Which season of the year has the greatest increase in house fires? Well if you are guessing the winter holiday season, you are correct. Why is that? Well firefighters and statistics reveal many reasons, but here are three of the most common:

  • An increase in Christmas tree fires resulting from hanging lights on poorly watered trees

  • An increase in electrical fires resulting from heaters overloading the system

  • And an increase in kitchen fires resulting from cooking while distracted by holiday activity

Now you’re probably wondering, “What in the world does that have to do with me?”. Well, how often do you feel like a firefighter in your business, your workplace or in your life? Do you find yourself constantly putting out fires from issues like last minute changes from bosses and clients, mistakes and delays from colleagues, and emergencies that you couldn't plan for? Calgon, take me away!

Well if you are tired of constantly putting out fires, do what firefighters do. They use what I call the fruit, the root, and the substitute approach. Now I know that sounds weird but here's what I mean.

Fruit: The fruit represents patterns. Firefighters know that fires increase around this time of the year, every year, so they consider this a pattern. Trust me, they don’t sit around the firehouse surprised when the fires increase, they expect it.

Root: The root represents the ideal fix it. Firefighters consider the root of the problem and then determine the perfect way to fix it. And what’s their ideal fix for increased house fires? You guessed it, public education. Around this season they blanket our communities with tons of information on ways to prevent fires during the holiday season.

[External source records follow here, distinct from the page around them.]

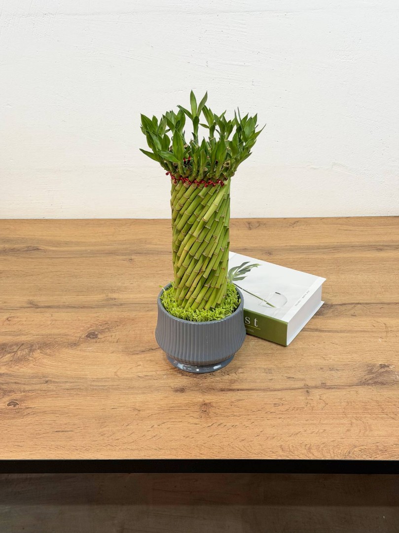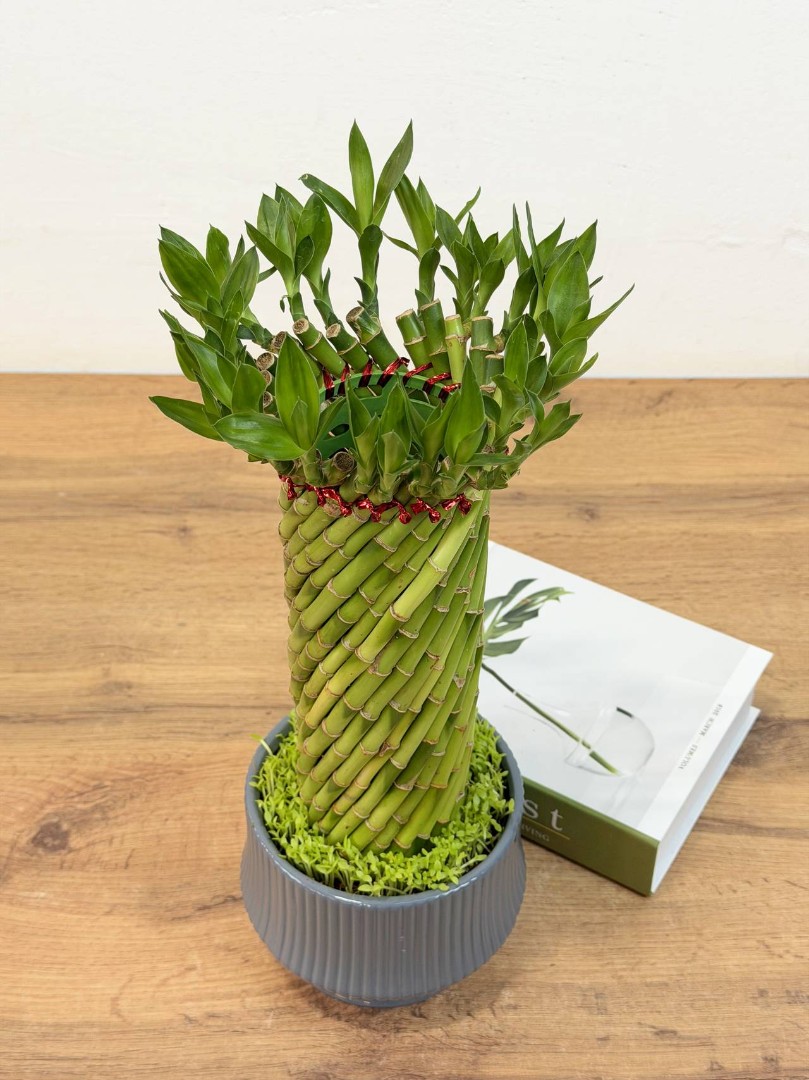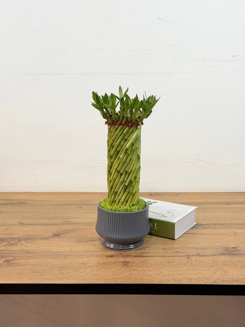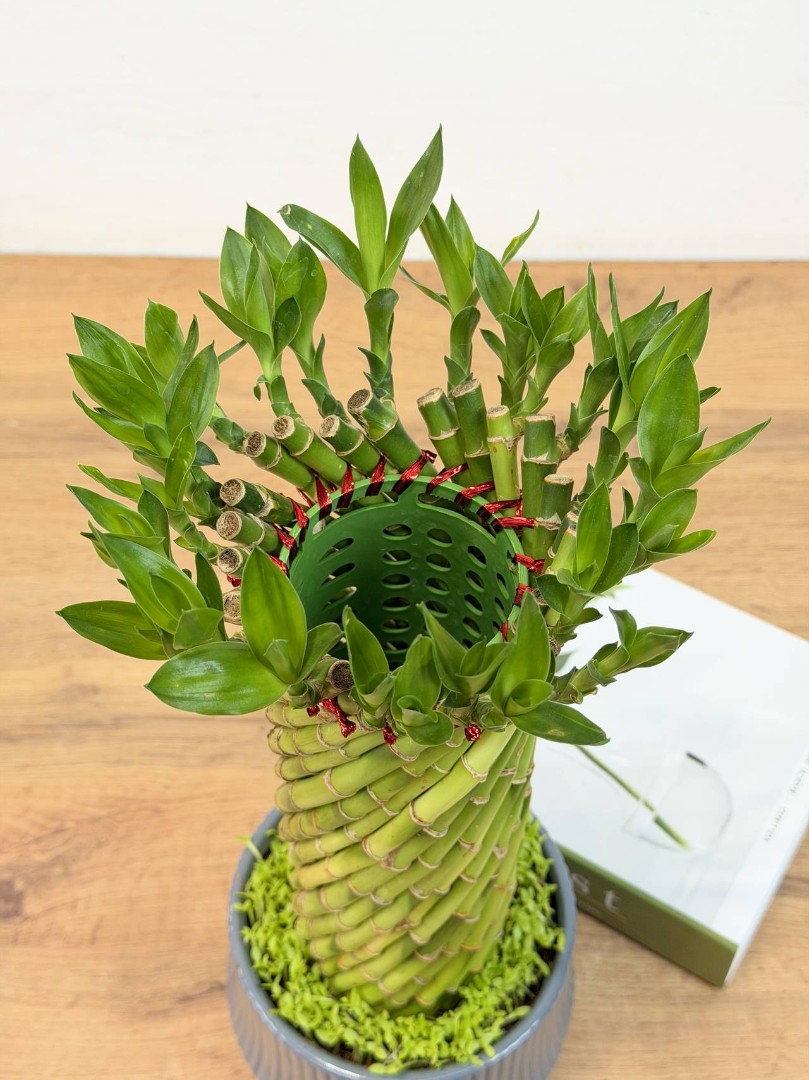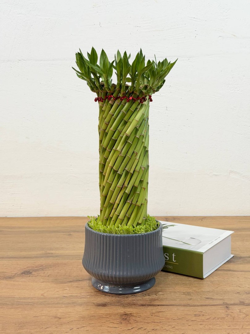 Бамбук лаки спираль в керамике представляет собой изящное и декоративное растение с характерными спиралевидными побегами. Его насыщенно-зеленые листья образуют плотную и густую крону, создавая эффектный и выразительный вид. Это растение идеально подходит для оформления интерьеров и садов, добавляя им экзотическую нотку и природную красоту.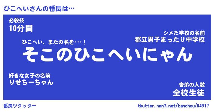 | 意味不明あだ名 | 『ペロリンひこへい』『永久保存ひこへい』 |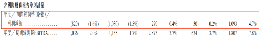 即便是剔除公允价值变动等一系列因素后,经调整净利润(非国际财务报告准则计量)仍存在亏损业绩。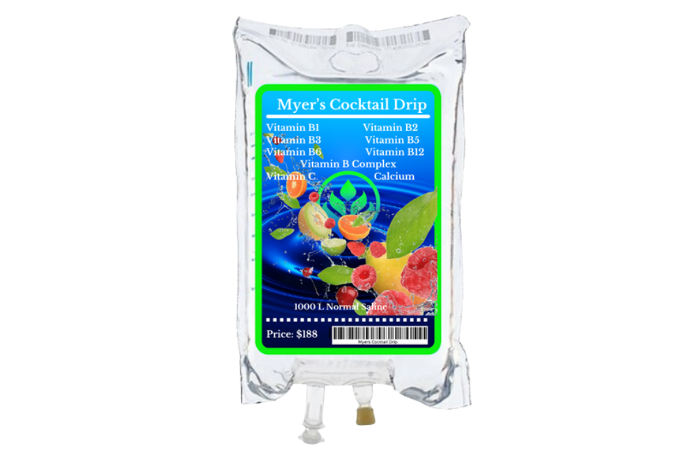 Embrace a holistic approach to wellness with the Myers Cocktail Drip, a renowned IV treatment offering a comprehensive solution for various health concerns. This well-known therapy is tailored to address a spectrum of conditions, including migraines, allergies, anxiety, muscle spasms, colds, flu, and more. The carefully curated blend of vitamins and minerals in the Myers Cocktail includes B3, B12, Magnesium Chloride, B5, B1, B6, B2, B Complex, and Calcium, all working synergistically to promote optimal health and well-being. Vitamin C, a powerful antioxidant, supports the immune system and contributes to overall vitality. B vitamins play crucial roles in neurological health, energy metabolism, and immune function, making them essential components of this therapeutic blend. Magnesium Chloride helps relax muscles and alleviate tension, providing relief for conditions such as muscle spasms. The inclusion of Calcium further contributes to bone health and overall wellness. With low potential side effects, the Myers Cocktail Drip offers a safe and effective way to boost your immune system and address various health concerns.

Substitute: And the substitute represents the Plan B. Can the firefighters’ public announcements stop all fires? Not quite. So they have a Plan B. Since they know that they can not stop all the fires, their Plan B is to further educate the public on ways to respond to the fire quicker when it happens. They encourage solutions like early detection systems, fire extinguishers, and escape plans. These solutions don’t solve the problem, but they represent temporary substitutes for the ideal fix it.

So how do you adapt the firefighter approach to your life?

  • First, use the 5Ws to determine the fruit of your problem. Ask questions like “What patterns tend to distract me, when and how often do they happen, why do they happen, and who causes them?”.

  • Next, think of ideal solutions that will fix the root.

  • And finally, if you can’t solve the problem at its root, think of temporary solutions that you can use as a substitute. Consider these two examples:

Workplace Interruptions

The fruit? Too many drop in visitors to your work space. The root? Fix it by closing your door to prevent the drop ins. The substitute? If you work in a cubicle and don’t have a door to close, stand when visitors enter and it will shorten their visit. In other words, you couldn't totally prevent the issue at its root, but at least you were able to solve the problem temporarily with your substitute.

Random Client Changes

The fruit? Random client changes on a project. The root? Fix it by asking clients to use change forms that are designed to prevent random change requests. The substitute? If clients continue to request random changes, negotiate alternative ways to meet their needs. Again, this substitute does not totally solve the problem, but it helps you to handle the problem temporarily.

So remember, if you want to prevent fires and crises from stealing your productivity, find the fruit, fix the root, and if you can’t fix the root, find a substitute.